What i am doing is currently reading the whole file and storing the particular column in an array. I am able to sort the column, but i need to arrange other columns according to this particular column. This is where i am actually stuck.

I think this particular way is a bit tedious. Is there a better way to do it?


KevinR
Veteran


May 9, 2009, 6:11 PM

Post #4 of 21 (1953 views)
Re: [chander1986] Reading a File [In reply to] Can't Post

If the particular column is always a unique value you could use a simple hash, where the column to be sorted is the hash keys and the values are the originals lines of the file. If the values to be sorted are not unique, use an array of arrays. Sort the array of arrays by the column of interest and print the sorted array of arrays back into the file.
-------------------------------------------------


(This post was edited by KevinR on May 9, 2009, 6:11 PM)


chander1986
Novice

May 10, 2009, 1:04 AM

Post #5 of 21 (1940 views)
Re: [KevinR] Reading a File [In reply to] Can't Post

The following is the code tht i have written to sort column 8 followed by column 9.

Code
 
use Text::ParseWords;
use IO::File;

open(FILE,"bank_id.csv");
@lines = <FILE>;

my $fh_out = IO::File->new('>>temp.csv');

@sorted = sort multisort @lines;

$length = $#lines + 1;

for($i = 0; $i<$length; $i++) {

$fh_out->print($lines[$i]);

}




sub multisort {

($field1a, $field2a, $field3a, $field4a,$field5a, $field6a, $field7a, $field8a,$field9a, $field10a, $field11a, $field12a)=split(/,/, $a);
($field1b, $field2b, $field3b, $field4b,$field5b, $field6b, $field7b, $field8b,$field9b, $field10b, $field11b, $field12b)=split(/,/, $b);

# now do the actual sort:
$field8a cmp $field8b
or
$field9a cmp $field9b;
}


But it is not working as intended. It just creates new file with the exactly same data. Where am i going wrong??


KevinR
Veteran


May 10, 2009, 10:20 AM

Post #6 of 21 (1933 views)
Re: [chander1986] Reading a File [In reply to] Can't Post

The code you posted prints @lines back to a file instead of @sorted. Try print @sorted to the file and see if it is working.
-------------------------------------------------


chander1986
Novice

May 10, 2009, 10:57 AM

Post #7 of 21 (1930 views)
Re: [KevinR] Reading a File [In reply to] Can't Post

No it is still not sorting it correctly.

I am attaching the sample input and output files. I actually want the input file to sorted on the year column and sub sorted on the month column.

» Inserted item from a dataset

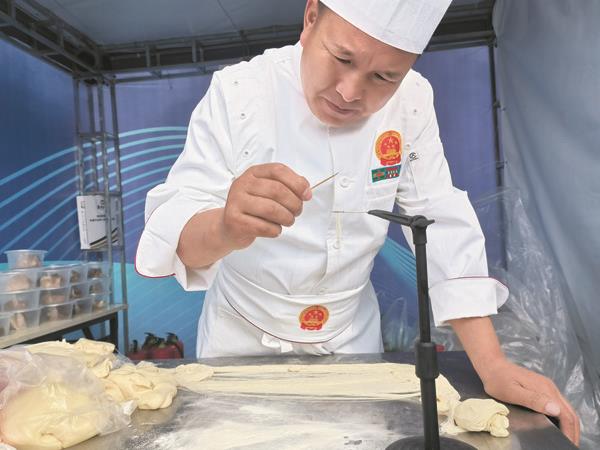 这位正在“穿针引线”的师傅就是青海省拉面行业唯一获得全国五一劳动奖章殊荣的拉面人韩玉龙。在本次的比赛现场,主办方也专门为韩玉龙设置了高原工匠展区,他精湛的技术引得现场观众连连惊叹。

Is the approach that i am using right? Or is there any other better approach than this??
Attachments: input.csv (0.49 KB)
  output.csv (0.49 KB)


KevinR
Veteran


May 10, 2009, 9:43 PM

Post #8 of 21 (1920 views)
Re: [chander1986] Reading a File [In reply to] Can't Post

This uses a cached key sort to sort the data. Add your output file stuff.


Code
use Text::ParseWords;  
use IO::File;
use strict;
use warnings;

open(FILE,"bank_id.csv") or die "$!";
<FILE>;#skip header line in file. If the header is not in the file remove this line
my @lines = <FILE>;
close FILE;
my @sorted = map{$_->[0]}
sort{$a->[8] <=> $b->[8] || $a->[9] <=> $b->[9]}
map{[$_,split(/,/)]} @lines;
print $_ for @sorted;

-------------------------------------------------


chander1986
Novice

May 11, 2009, 3:46 PM

Post #9 of 21 (1904 views)
Re: [KevinR] Reading a File [In reply to] Can't Post

Hi Kevin,

I modifed your code to include the output file thing. This is the modified version:


Code
use Text::ParseWords;   
use IO::File;
use strict;
use warnings;

my $fh_out = IO::File->new('>>temp.csv');

open(FILE,"bank_id.csv") or die "$!";
<FILE>;#skip header line in file. If the header is not in the file remove this line
my @lines = <FILE>;
close FILE;
my @sorted = map{$_->[0]}
sort{$a->[8] <=> $b->[8] || $a->[9] <=> $b->[9] }
map{[$_,split(/,/)]} @lines;
print $_ for @sorted;

my $length = $#sorted + 1;
my $i = 0;

for($i=0 ; $i<$length; $i++) {

$fh_out->print($sorted[$i]);

}


This code is working fine for the sample input file. But when i put some other input file, which has the same structure but more number of rows, this code doesnt work as desire. I am attaching the input file for which it is giving trouble.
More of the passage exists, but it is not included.